- Cresco Cresco
- Coordinates: 41°09′14″N 75°16′50″W﻿ / ﻿41.15389°N 75.28056°W
- Country: United States
- State: Pennsylvania
- County: Monroe
- Township: Barrett
- Elevation: 1,197 ft (365 m)
- Time zone: UTC-5 (Eastern (EST))
- • Summer (DST): UTC-4 (EDT)
- ZIP code: 18326
- Area codes: 570 and 272
- GNIS feature ID: 1172678

= Cresco, Pennsylvania =

Unincorporated community in Pennsylvania, US

Cresco is an unincorporated area in Barrett Township, Monroe County in Northeastern Pennsylvania.
Cresco is located in the Pocono Mountains. The ZIP Code is 18326. Area Code 570, Exchange: 595.

Other nearby villages include Buck Hill Falls, Canadensis, Skytop, and Mountainhome.
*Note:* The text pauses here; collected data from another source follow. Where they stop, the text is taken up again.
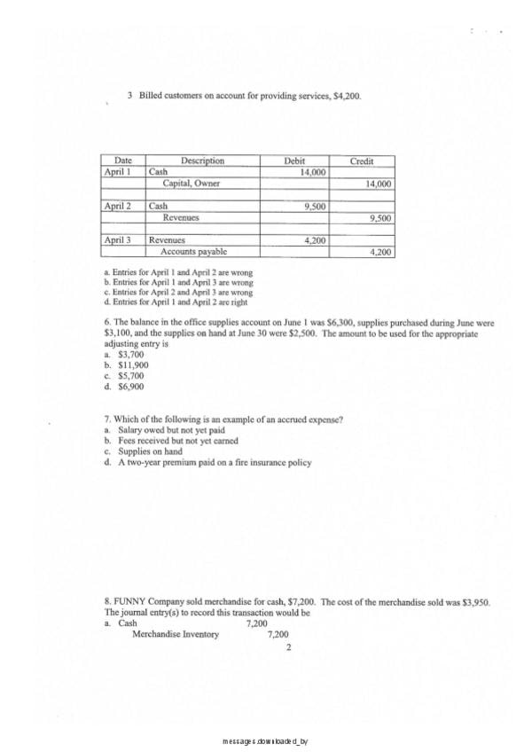 MOCK EXAM - ACCOUNTING PRINCINPLES UC3M - DADE Bilingue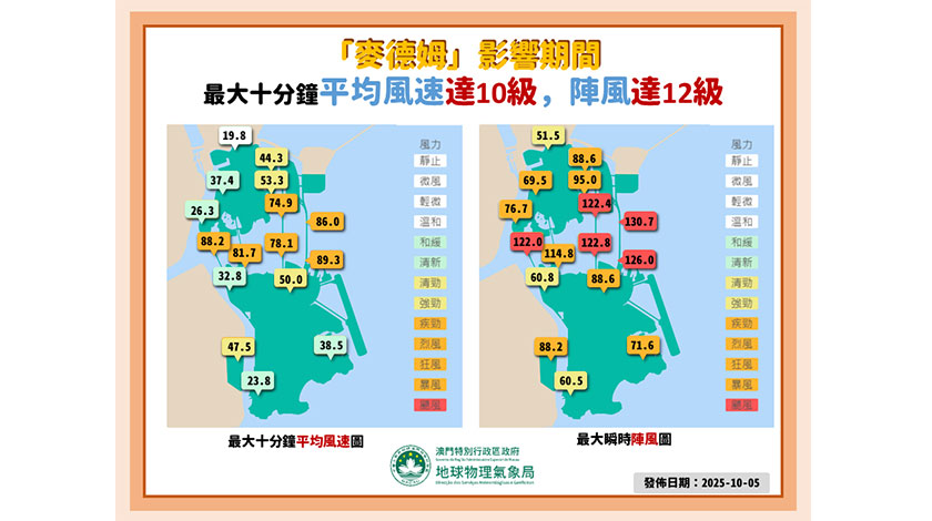 受「麥德姆」影響,自午夜起珠江口地區普遍受烈風或以上風力影響。回顧熱帶氣旋信號生效期間,本澳各區錄得最大10分鐘平均風速達10級,最高陣風達12級。(圖2)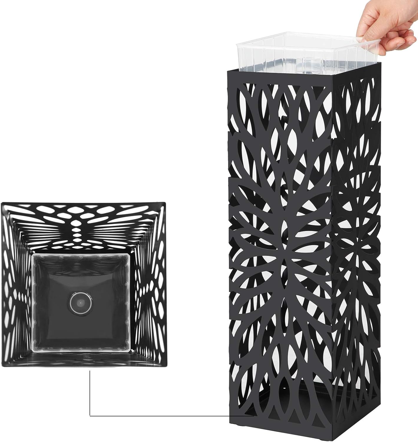 - [Durable and Rust-Resistant] Crafted from durable steel, our square umbrella stand offers exceptional stability and minimizes the risk of tipping over. The surface is coated with rust-resistant paint, ensuring long-lasting protection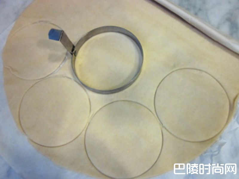 9因为前置作业需要时间比较多, 我不想这么累, 所以用超市买的现成法式派皮. 我用马芬烤盘烤12个小咸派, 利用家里的荷包蛋定型器切割成12块派皮.
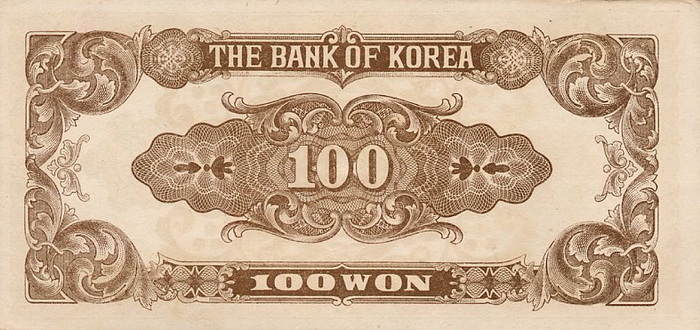 Лицевая сторона банкноты Южной Кореи номиналом 100 Вон Обратная сторона банкноты Южной Кореи номиналом 100 Вон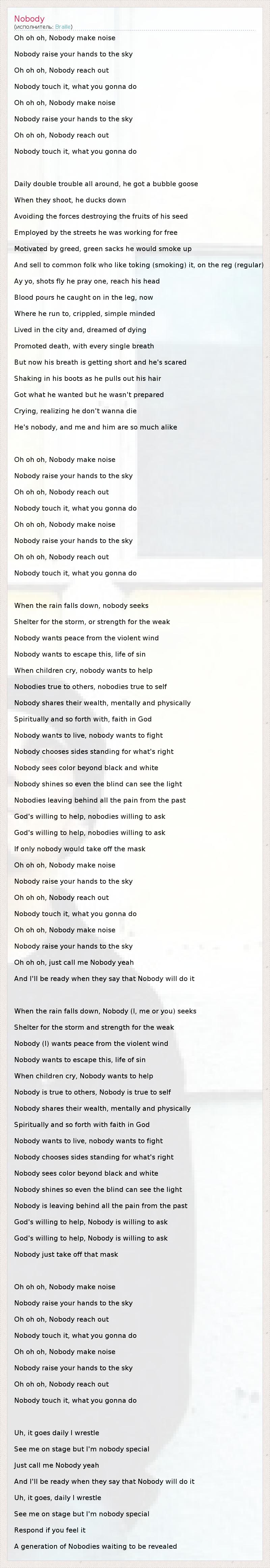 Это интересно:Существует несколько исполнителей по имени "Braille":1. Praveen Sharma - учасник электронных дуэтов Sepalcure, а также Praveen & Benoît. Кроме этого имеет пару EP в своём активе. 2. Малоизвестная хардкор группа 90-ых. 3, Bryan Winchester - MC из Портленда, штат Орегон.Брайль был близок к хип-хопу ещё с детства. Слыша разнообразие различных стилей и исполнителей,... продолжение
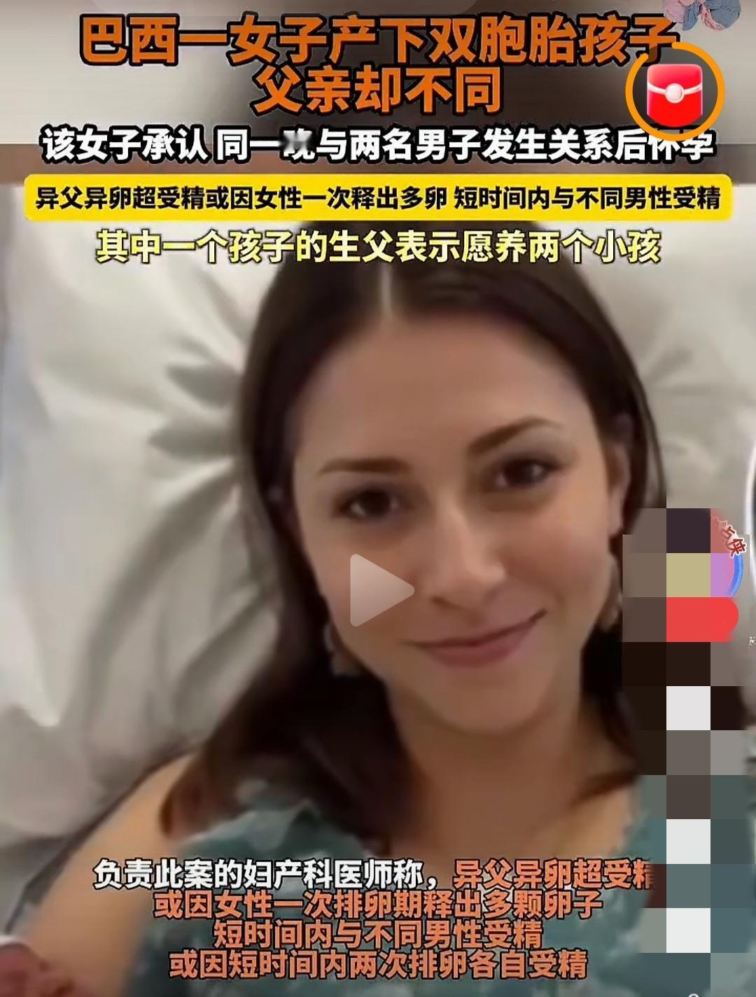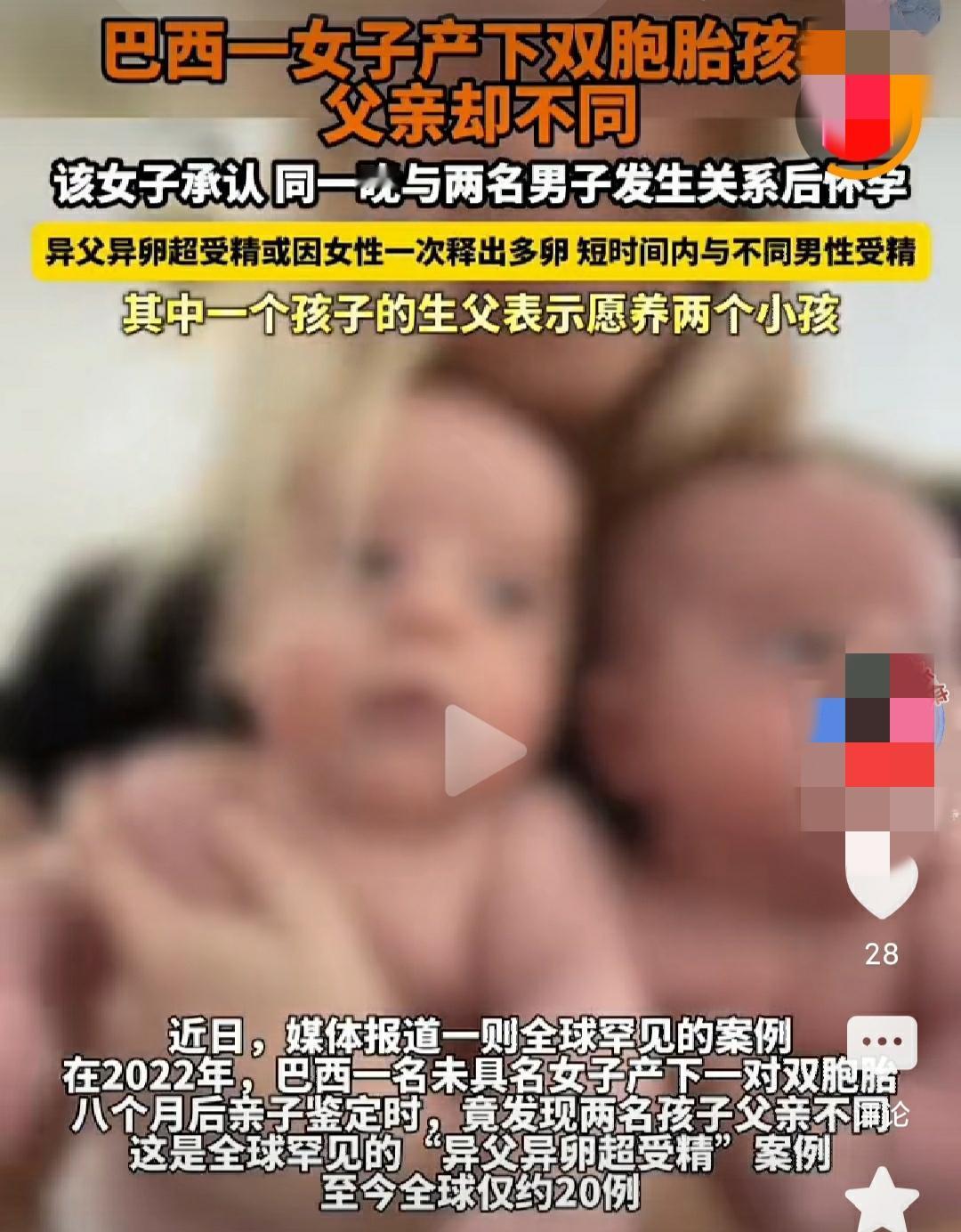 看她骄傲自豪的模样,是发自内心的,异父异卵双胞胎母亲高兴得合不拢嘴。 据报道,2022年巴西一名女子产下一对双胞胎。经亲子鉴定,双胞胎的生父不是同一个人。据悉,这样的情况至今全球仅约20例。后该女子承认,同一晚上她与两名男子发生关系后怀孕。 这种情况不知道让人说什么好,这也可能就是文化差异。对巴西这名女子来说,一次生个双胞胎,不管父亲是谁,总是他的子女,当然高兴。也让人看到这名女子的性行为、生育能力不是一般女子可以比拟的。还有她的思维倾向,不感觉有什么丢人或者不好意思,大概率有一个向世人炫耀之意。 这样的情况,世界仅约20例。这20例是发现的,没有发现、没有鉴定的可能远不止这个数字。但总的来说,这样的情况和概率还是非常低的。 不管怎么说,孩子是无辜的。祝愿小孩在父母的呵护下,健康成长。 巴西现全球第20例异父异卵双胞胎 如何看待巴西现全球第20例异父异卵双胞胎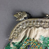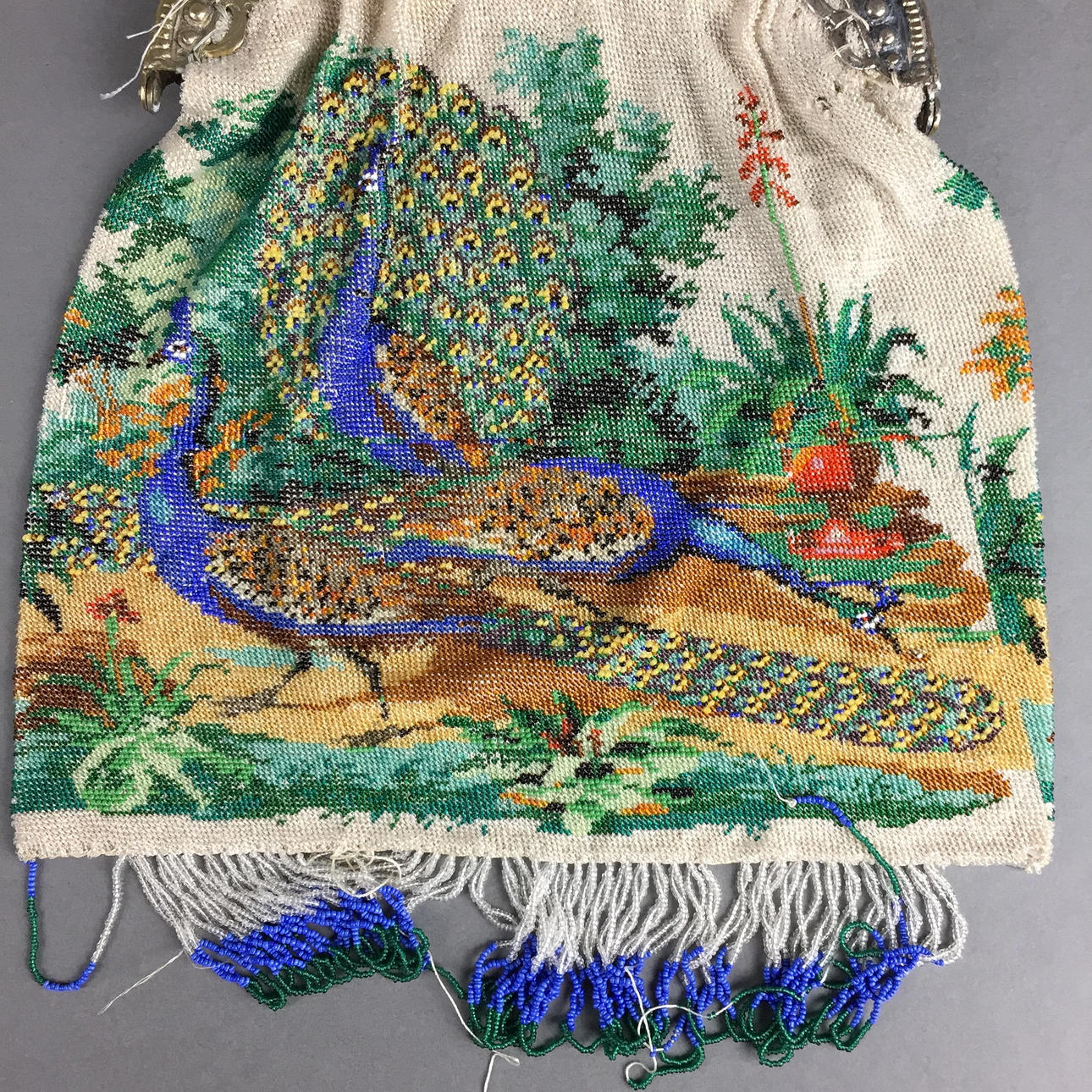 Pearl bag - with silver-plated snap fastener, embroidered on both sides with peacock, on the clasp 2 small, fully plastic swans as a chain holder, with hanging pearls as a finish (incomplete).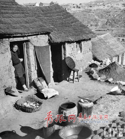 美國人鏡頭下1948年青島:農村婦女破敗房子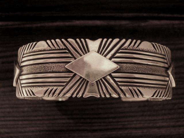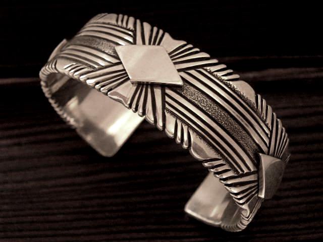 Patのブレスレットは厚さ2mmの重厚なシルバーに、美しいスタンプワークを施した逸品です。(下記画像をご参照下さい)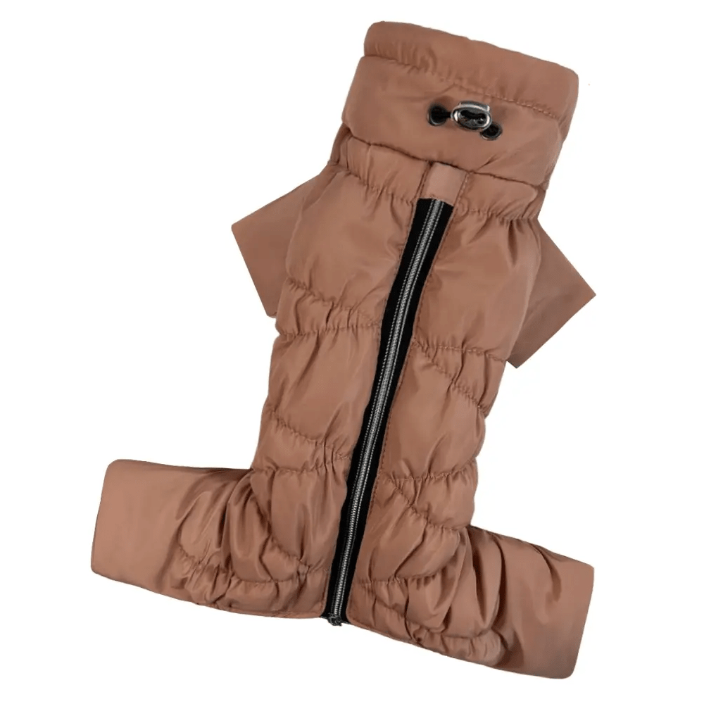 Комбінезон утеплений синтепоновим наповнювачем, що забезпечує надійний захист від холоду, а флісова підкладка додає затишку і робить комбінезон ще більш комфортним для вашого собаки.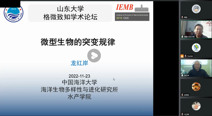 11月23日下午,2022年第十期格微致知学术论坛顺利开讲。中国海洋大学海洋生物多样性与进化研究所的龙红岸教授受邀参加“格微致知”研究生学术论坛,作了题为“微型生物的突变规律”的学术报告。本次报告由微生物技术研究院高翔教授主持,研究院134名师生线上参加会议。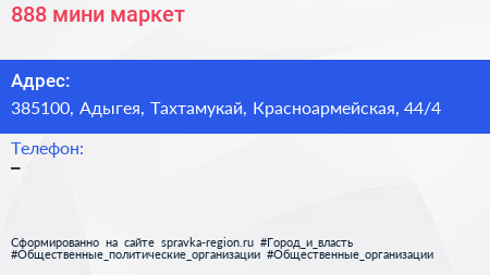 888, мини-маркет по адресу 385100, Адыгея, Тахтамукай, Красноармейская, 44/4 в дальнейшем Организация, размещена в следующих категориях: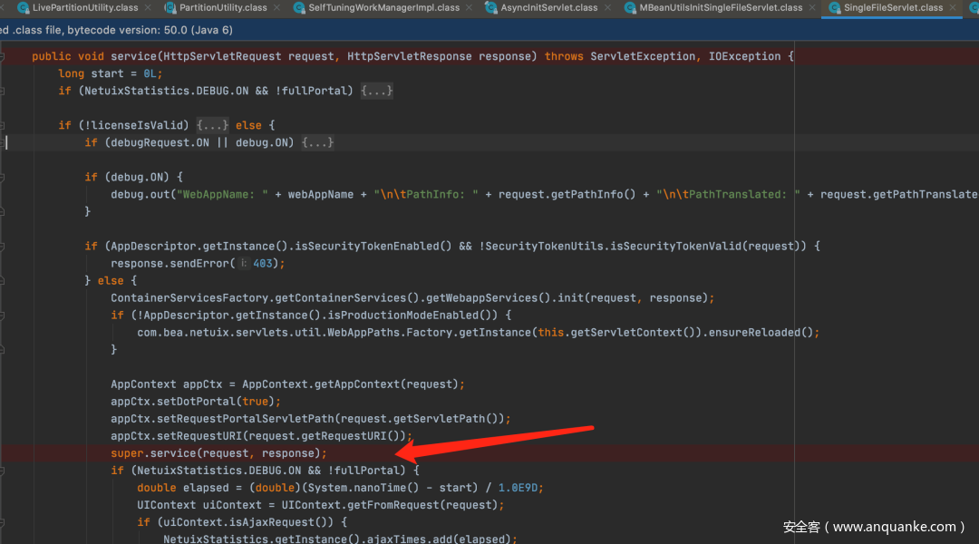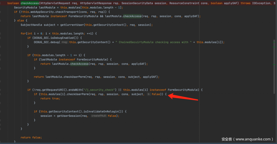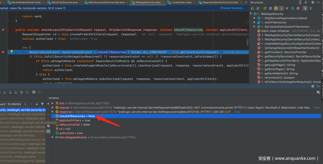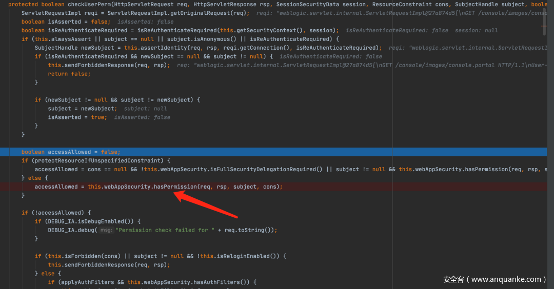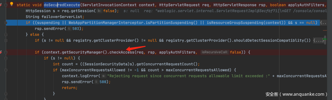 进入weblogic.servlet.security.internal.WebAppSecurity#checkAccess()中可以看到当我们请求的路径为/console/console.portal时,checkAllResources为false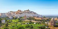 Ostuni, de witte stad. Panoramische skyline en Madonna della Grata kerk, provincie Brindisi, Puglia of Apulië. Italië, Europa.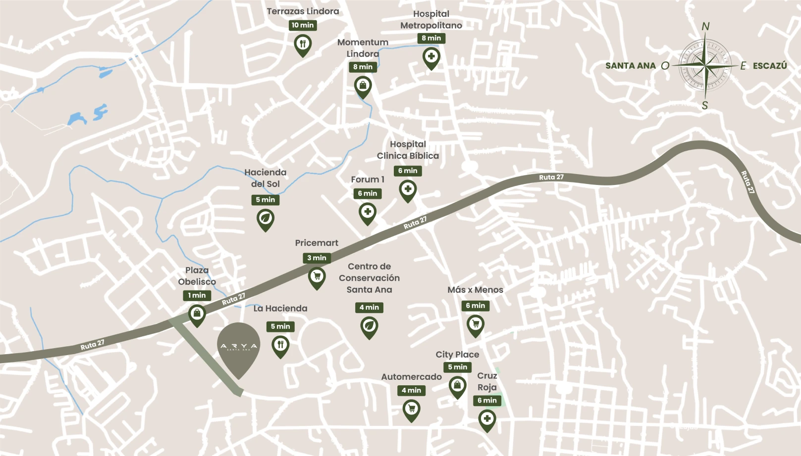 La ubicación de ARYA Santa Ana es clave, a solo 400 metros de Plaza Obelisco y con acceso directo a la Ruta 27, conectando rápidamente con Escazú, San José y áreas cercanas. Vivir en Santa Ana ofrece cercanía a centros comerciales, escuelas y más, sin perder la tranquilidad de un entorno natural. Ideal para quienes buscan un estilo de vida urbano en Santa Ana con acceso a la comodidad de la vida moderna.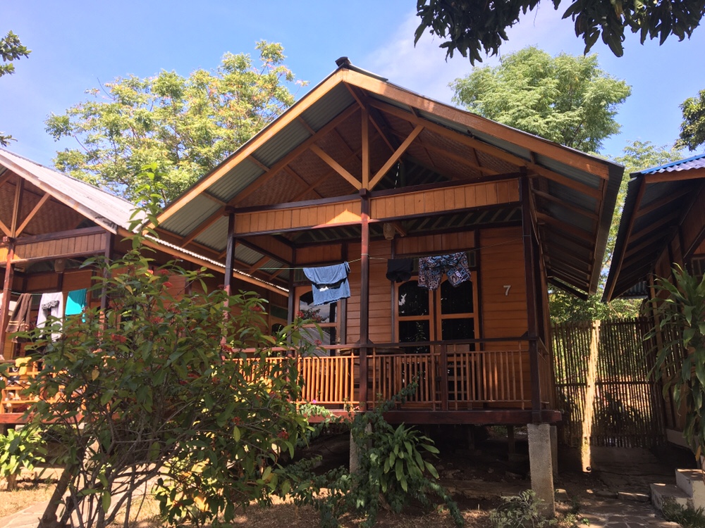 Arrivé sur l’ile, le MC Dive Resort semble être un bon choix. Bungalows au bord de la plage, à une dizaine de mètres de l’eau.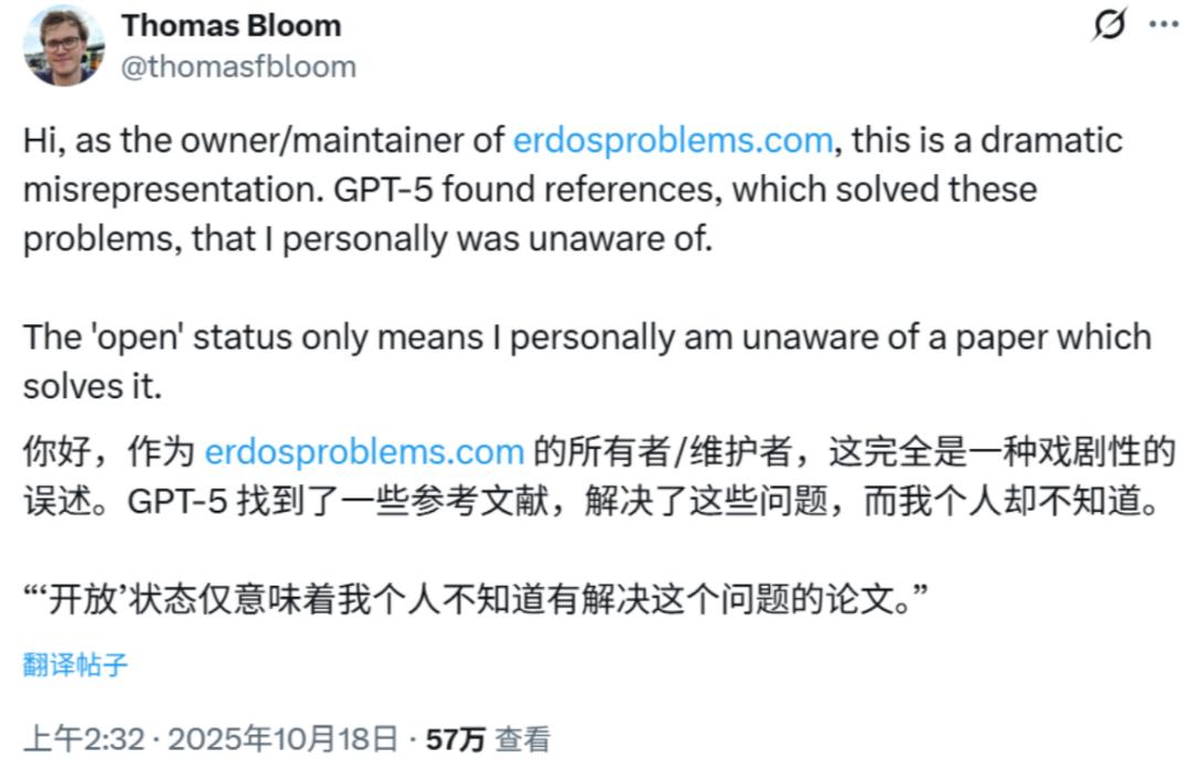 Thomas Bloom 表示:OpenAI 的表述为「戏剧性的误解」。网站上将这些问题标记为「未解决」,仅仅代表他个人不知道相关解答已经发表,并不意味着数学界没有人解决。

Due to the small size and proximity of the surrounding villages, locals often colloquially refer to the area by the township name, Barrett, instead of the village name.

== Nature and Wildlife ==
Cresco is home to a variety of wildlife including white-tailed deer, American black bears, and foxes. Streams, forests, and wetlands make up the local geography. The Brodhead Creek runs through Cresco and the surrounding villages. It is a popular spot for trout fishing. Pennsylvania fishing licenses are required. For more info on trout fishing in the area see the Brodhead Trout Chapter. The Brodhead Watershed Organization is a local resource for hiking maps, local parks, and birdwatching in the area. Rattlesnake Falls and Cresco Heights are popular hiking spots.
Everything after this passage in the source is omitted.